### What to produce
The lines to repeat are those below from the one containing "Väskan är virkad" down to the one containing "These delicate gold", both included; reproduce them exactly and nothing else.

### Dataset entries

***

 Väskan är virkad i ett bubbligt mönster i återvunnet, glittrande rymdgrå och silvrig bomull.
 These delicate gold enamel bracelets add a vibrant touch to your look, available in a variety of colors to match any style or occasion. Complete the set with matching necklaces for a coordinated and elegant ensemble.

***

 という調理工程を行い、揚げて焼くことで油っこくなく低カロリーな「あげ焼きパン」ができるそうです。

***

### Reply to the task
 Väskan är virkad i ett bubbligt mönster i återvunnet, glittrande rymdgrå och silvrig bomull.
 These delicate gold enamel bracelets add a vibrant touch to your look, available in a variety of colors to match any style or occasion. Complete the set with matching necklaces for a coordinated and elegant ensemble.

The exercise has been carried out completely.